VHS is on the way out, or so they tell me. A little while back I unearthed the family's collection of old tape recordings, and have been digitizing everything in an effort to preserve all the old youth sports games and embarassing birthday parties. There's no way I'm going to let my brother forget those. It's a lot of video, and that takes up quite a bit of space. Between that, HD videos recorded more recently, Postgres test databases and source datasets, server backups, and so on, the 3TB of space on my local file server was quickly running out.

I know, right? My first hard drive was 40MB, in two 20MB partitions.
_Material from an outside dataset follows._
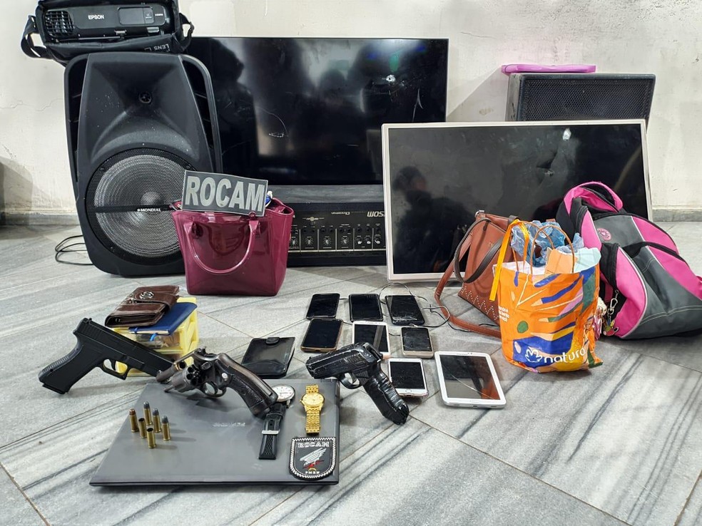 Uma arma de fogo e dois simulacros (armas falsas) também foram apreendidos.

And we were glad for that space!

Back in the present, now it was time to add another hard drive. This (otherwise) tiny rooted plug server contained two 3TB USB hard drives in a RAID-1 configuration through the Linux md module. On top of that is lvm. lvm itself could have been used for the RAID-1, but has the disadvantage of not being able to optimize multiple reads, whereas md can allow both disks in the mirror serve different reads at the same time.

I bought a third disk of the same model, so it could be added in to a RAID-5 configuration. These being big USB drives, operations that read and write the disks as a whole (such as RAID rebuild operations) take a while. A long while. I could have unmounted, disassembled the array, rebuilt it as RAID-5, and brought it back after, but keeping it offline for that amount of time wasn't too appealing. Lets attempt an online conversion.

First up, confirming the disks are all the same exact size:
root@plug01:/backup# blockdev --getsize64 /dev/sdd2
2999557554176
root@plug01:/backup# blockdev --getsize64 /dev/sdc2
2999557554176
root@plug01:/backup# blockdev --getsize64 /dev/sdb2
2999557554176
mdadm says the array is in good shape, but it won't be for long. We'll need to break the RAID-1 in order to recreate the RAID-5. Yes, it's as scary as it sounds. Backups were double checked. Backups were triple checked. To break the array set one of the devices as failed, then remove it:
Number Major Minor RaidDevice State
0 8 34 0 active sync /dev/sdc2
1 8 18 1 active sync /dev/sdb2
root@plug01:/backup# mdadm /dev/md0 -f /dev/sdc2 # Set as failed
mdadm: set /dev/sdc2 faulty in /dev/md0
root@plug01:/backup# mdadm /dev/md0 -r /dev/sdc2 # Remove from array
mdadm: hot removed /dev/sdc2 from /dev/md0
Now we have an ex-RAID-1 (sdb2) with two spare disks (sdc2 and sdd2.) Those two spare partitions can then be put into a RAID-5 configuration.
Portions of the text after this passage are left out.